_WORK INSTRUCTION:_ Copy, word for word, the opening line of the data and each line after it until the line that contains "99. Install the", which is included. Leave the pictures out.

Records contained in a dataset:
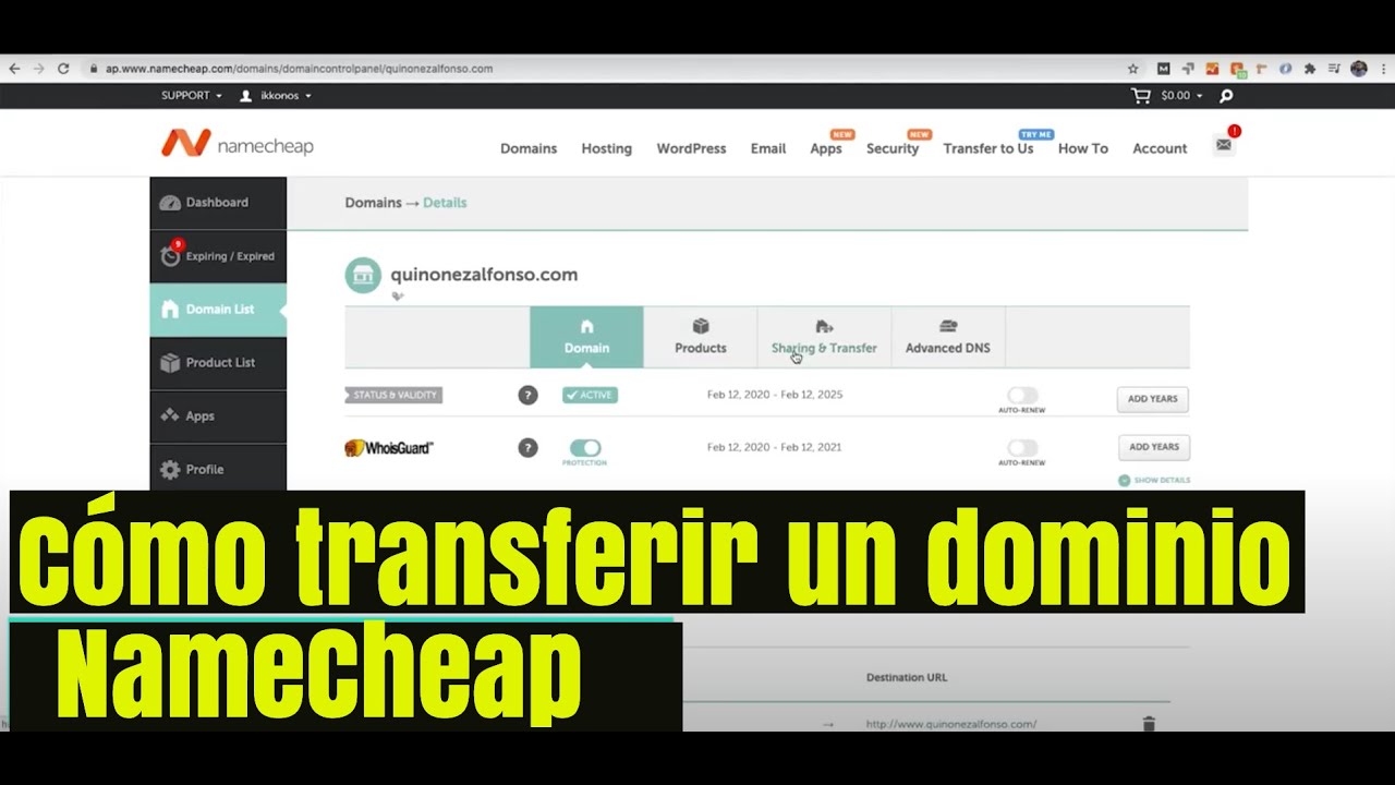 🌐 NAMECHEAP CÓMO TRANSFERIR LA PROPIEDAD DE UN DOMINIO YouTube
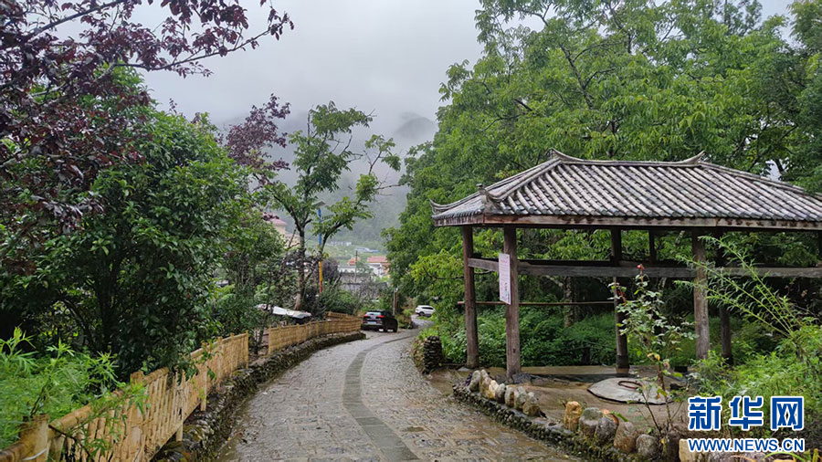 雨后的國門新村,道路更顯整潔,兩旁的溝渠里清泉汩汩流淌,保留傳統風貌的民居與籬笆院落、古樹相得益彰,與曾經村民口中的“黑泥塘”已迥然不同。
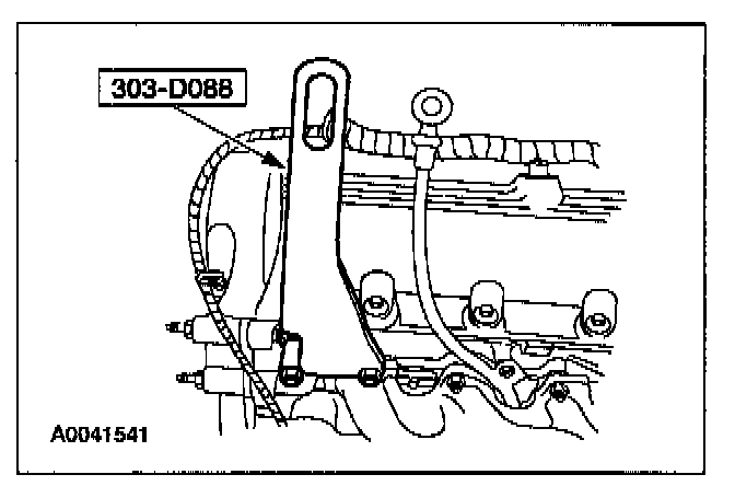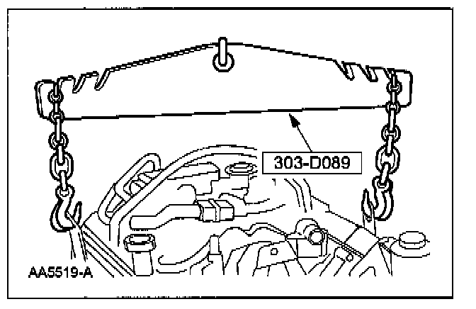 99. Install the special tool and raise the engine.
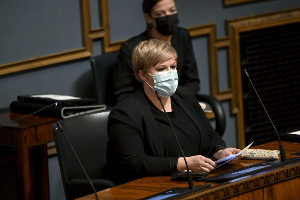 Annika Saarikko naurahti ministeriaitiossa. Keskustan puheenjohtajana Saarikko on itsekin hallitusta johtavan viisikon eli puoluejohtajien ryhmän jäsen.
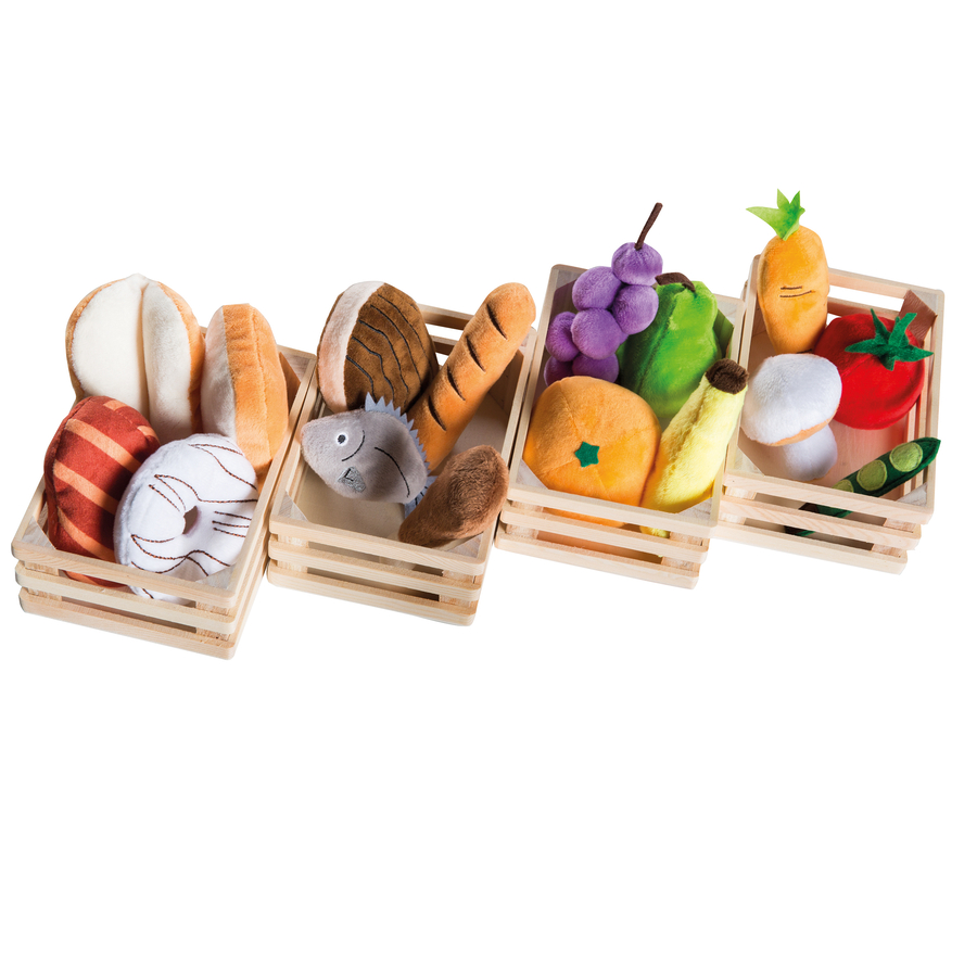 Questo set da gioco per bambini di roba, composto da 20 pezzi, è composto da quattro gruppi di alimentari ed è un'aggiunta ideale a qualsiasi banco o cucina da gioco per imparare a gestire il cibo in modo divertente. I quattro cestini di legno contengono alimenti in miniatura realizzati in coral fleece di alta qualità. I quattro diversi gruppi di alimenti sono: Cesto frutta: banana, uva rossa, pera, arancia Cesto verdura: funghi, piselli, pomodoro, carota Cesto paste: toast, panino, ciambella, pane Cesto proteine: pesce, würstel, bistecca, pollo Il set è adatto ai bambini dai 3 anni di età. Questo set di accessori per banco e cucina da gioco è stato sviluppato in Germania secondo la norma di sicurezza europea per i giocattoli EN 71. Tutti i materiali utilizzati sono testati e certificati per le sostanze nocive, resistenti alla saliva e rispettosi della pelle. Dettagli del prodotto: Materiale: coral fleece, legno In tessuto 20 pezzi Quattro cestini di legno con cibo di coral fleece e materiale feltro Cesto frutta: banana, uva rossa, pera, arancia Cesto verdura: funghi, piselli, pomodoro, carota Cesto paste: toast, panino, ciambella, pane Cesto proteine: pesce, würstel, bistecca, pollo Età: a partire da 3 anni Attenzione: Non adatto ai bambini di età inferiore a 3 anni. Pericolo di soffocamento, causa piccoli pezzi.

_EXERCISE RESULT:_
 🌐 NAMECHEAP CÓMO TRANSFERIR LA PROPIEDAD DE UN DOMINIO YouTube
 雨后的國門新村,道路更顯整潔,兩旁的溝渠里清泉汩汩流淌,保留傳統風貌的民居與籬笆院落、古樹相得益彰,與曾經村民口中的“黑泥塘”已迥然不同。
 99. Install the special tool and raise the engine.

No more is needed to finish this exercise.